On 05/27/2012 03:27 PM, Chris Kerr wrote:
Hi,
I'm working on RMCProfile ( http://www.rmcprofile.org ), trying to reduce the
run time (which is on the order of 3 CPU years for my datasets). I've done
some profiling and about 75% of the runtime is spent executing an operation of
the form y(p:q) += a * x(r:s) [where q-p == s-r] - i.e. DAXPY but on slices of
the original y and x arrays.
I've tried implementing this as a do loop and using Fortran array intrinsics -
the version using the do loop is significantly faster (the overall running time
of the program on a reduced problem set taking ~1 hour is 7% faster). Looking
at the generated assembly, the do loop uses
incq %rax
cmpq %rcx, %rax
jne .L5
to increment and check the loop counter, whereas the array intrinsic uses
movq %rdx, %rdi
leaq 1(%rdi), %rdx
cmpq %rdi, %r8
jge .L13
The same pattern can be reproduced using much simpler source files - I've
attached the fortran source and the assembly output.

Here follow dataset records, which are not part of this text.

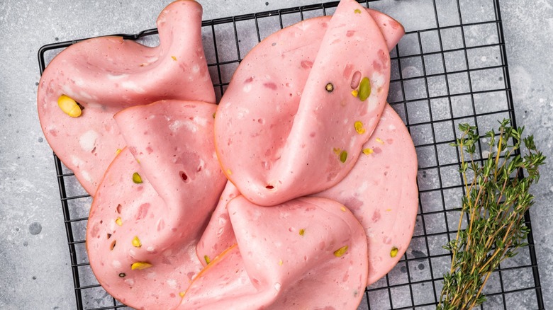 Mortadella's meatiness is also bolstered by earthy pistachios, which break up the meat in a way Wallace loves. "The spices are great, and the pistachios are just awesome for some texture," she says. Fresh Italian flavors like basil pesto, mozzarella, or sun-dried tomatoes work well with the meat in sandwiches. If you want to fry it like Wallace suggested, though, Anthony Bourdain's easy five-ingredient mortadella sandwich pairs the caramelized meat with creamy provolone and Dijon mustard for a bold, hearty bite.
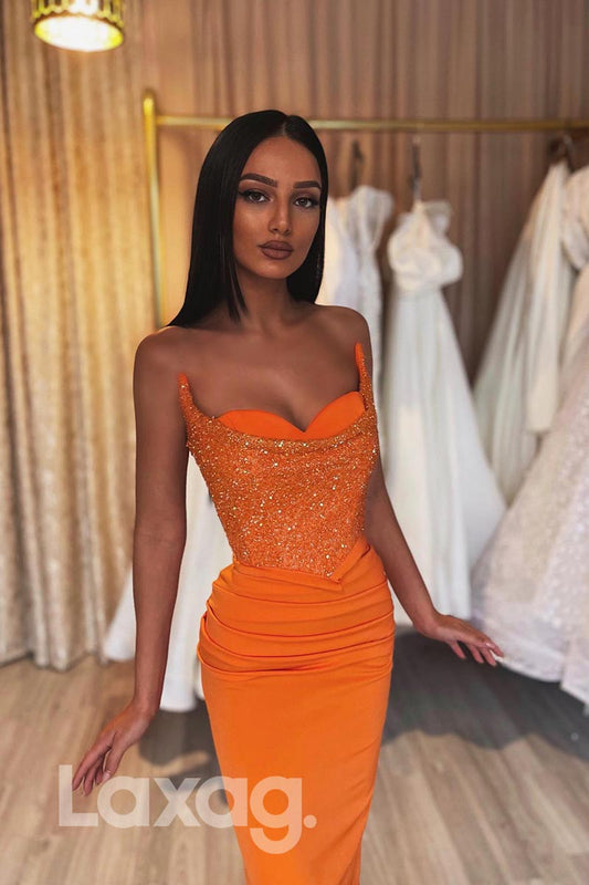 21863 - Strapless Orange Sequins Top Satin Prom Evening Dress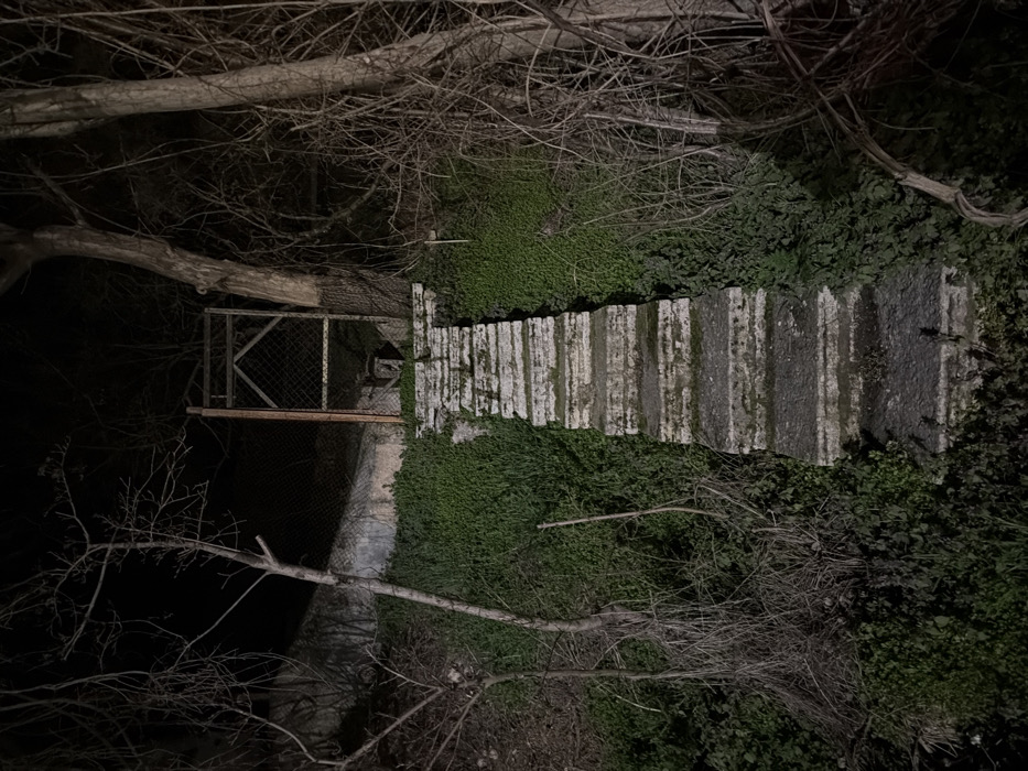 The image captures a nighttime outdoor scene in Balchik, Bulgaria, illuminated by an unseen light source. A weathered, straight concrete staircase, consisting of approximately 16-18 steps, ascends from the foreground towards the upper center. The steps exhibit moss and lichen growth, indicating dampness and age. Dense, low-lying green vegetation, primarily ground cover resembling ivy or similar creeper, flanks both sides of the staircase and covers the embankment it traverses. At the top of the staircase stands an unlit, rudimentary gate. The gate appears constructed from a wooden frame enclosing a section of metal mesh or wire. It is partially open or damaged, revealing a dark, obscured opening behind it. To the left of the gate, a lighter-colored wall or building facade is partially visible behind a chain-link fence. Bare, leafless deciduous trees and tangled shrubs with gnarled branches surround the staircase and gate, extending into the dark background on both sides. A larger tree trunk is prominent on the right, with a smaller, thinner tree on the left. The sky is black. No individuals, animals, or active subjects are present in the scene.

NB as far as I can tell, none of the above rax, rdx or rdi play any part in
their respective calculations, they function purely as counters.

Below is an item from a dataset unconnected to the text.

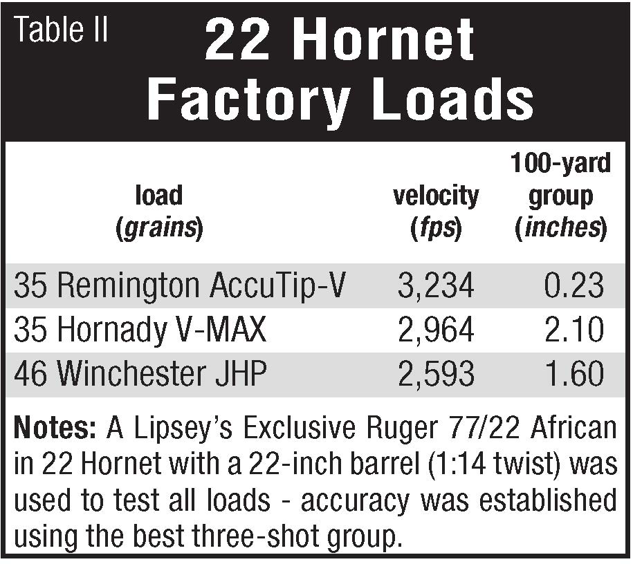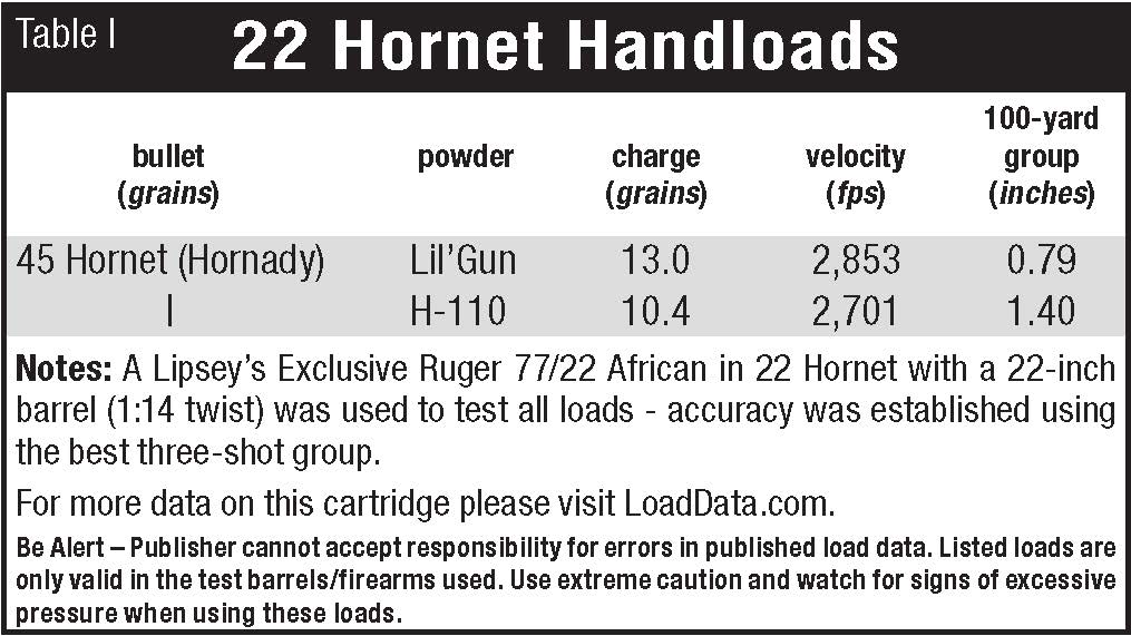 Are there “better” varmint cartridges available these days? Well, there certainly are cartridges that fire a projectile faster and farther than the capabilities of the old 22 Hornet, no argument there. However, this efficient little cartridge housed in a sleek stalking rifle like the Ruger 77/22 African is an absolute hunter’s small-game rifle. The duo makes a perfect combination for the outdoorsmen who take delight in testing their predatory skills by slipping up on wary prey as close as possible before losing a carefully aimed shot into whatever game animal or varmint is the target of the day. The 22 Hornet is made for true, dyed-in-the-wool sportsmen who relish close encounters with handy rifles. There are faster choices for the long-range shooter, but there may not be a better choice for the crafty woodsman who wants a classy bolt gun in a classic cartridge!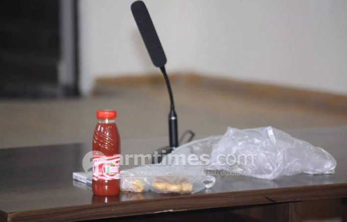armtimes.com-ը հայտնում է. Էրեբունի եւ Նուբարաշեն վարչական շրջանների ընդհանուր իրավասության դատարանում «Սասնա ծռեր» խմբի գործով տեղի ունեցած արտագնա նիստից հետո Պավել Մանուկյանի ու նրա պաշտպան Հարություն Բաղդասարյանի սեղանի տակից հյութ և բուլկի են հայտնաբերել: Կարգադրիչները համապատասխան արձանագրություն են կազմել:

I have two questions about the above behaviour:
1) Why does the array intrinsic method use an extra instruction compared to
the do loop? Is there any way of stopping this?
2) Is there any way of getting these loops to use SIMD instructions such as
vfmaddpd? Currently even when -march=native is switched on, the loop only uses
the scalar instruction vfmaddsd. I'd rather not have to hand-code an unrolled
loop, especially as I'm more used to C and Python so there would probably be
off-by-one errors all over the place on my first ten tries.
Thanks in advance,
Chris Kerr
Department of Chemistry
University of Cambridge
Compilers appear to be concerned about data overlaps for these module
subroutines. ifort generates the same vectorized code body (unrolled by
4 plus vectorization) in each case, but with a scalar copy of the
arrays, which may cut sharply the advantage of vectorization.

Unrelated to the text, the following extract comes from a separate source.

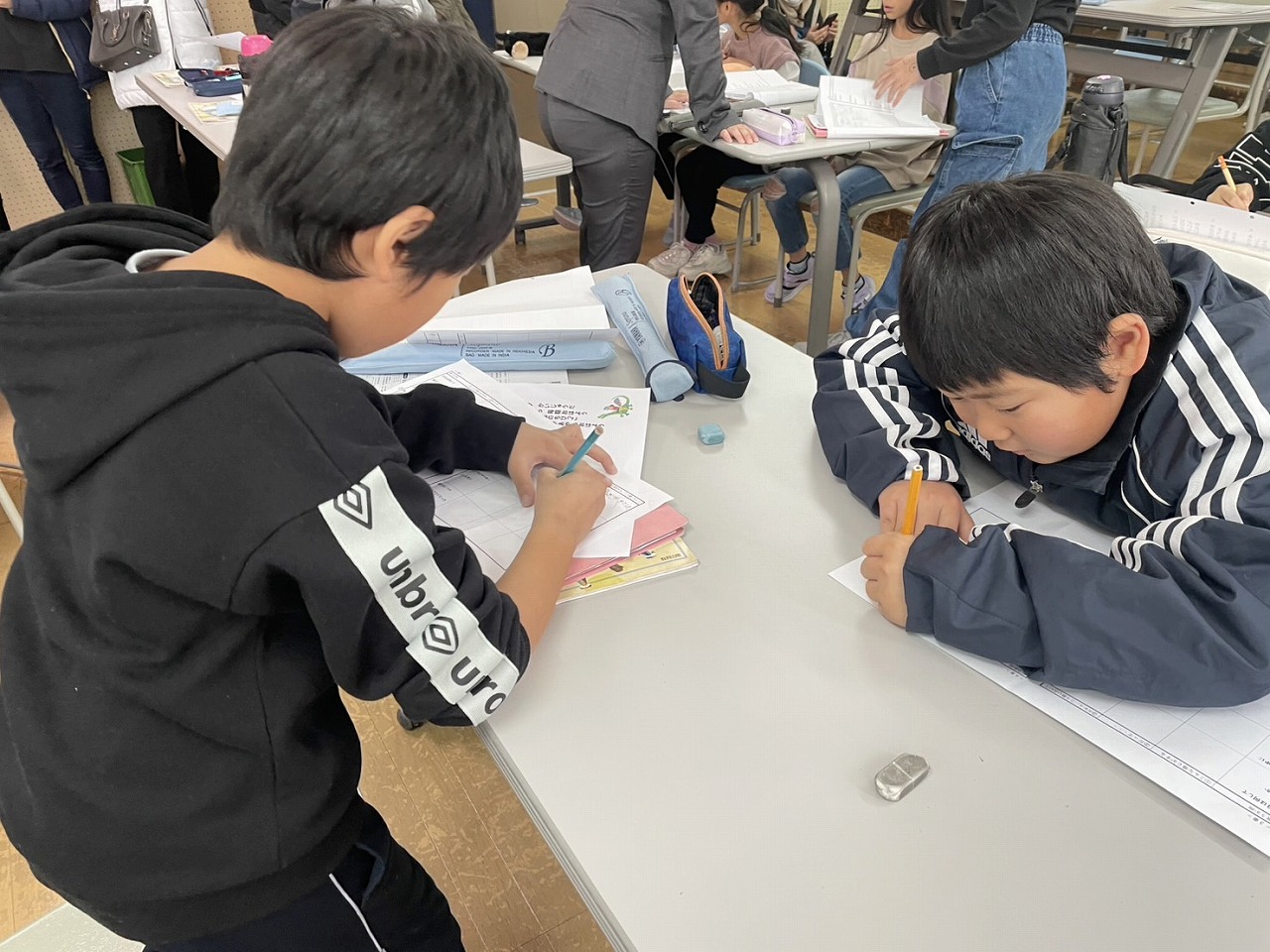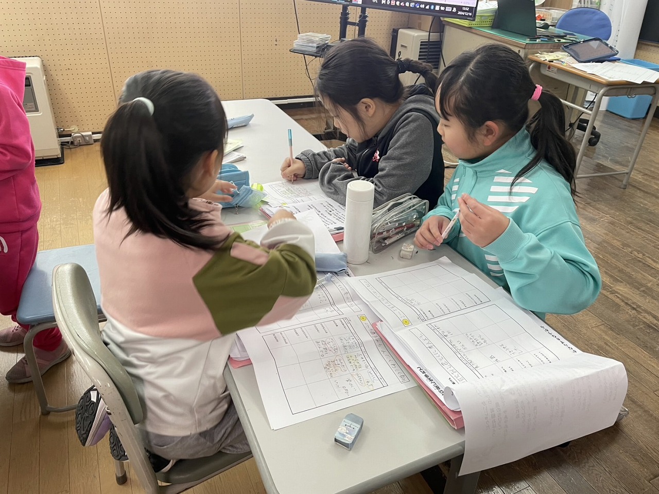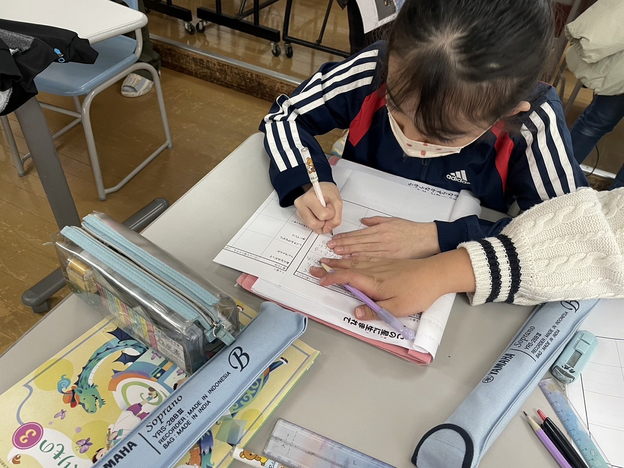 高学年は、早速休み明けの漢字のテストに取り組んだり、外国語でペアになって町にある物を英語で紹介し合ったりと、初日から集中して各教科の学習に取り組む姿が見られました。

gfortran -ftree-vectorizer-verbose complains about storage layout:
Analyzing loop at ck.f90:12
12: not vectorized: data dependence conflict prevents gather/strided
loadD.2022_26 = *y.0_6[D.2019_25];
One would expect ready vectorization of these examples in the usual
context (not using modules). Without alignment specifications, avx-128
code generation is likely.
--
Tim Prince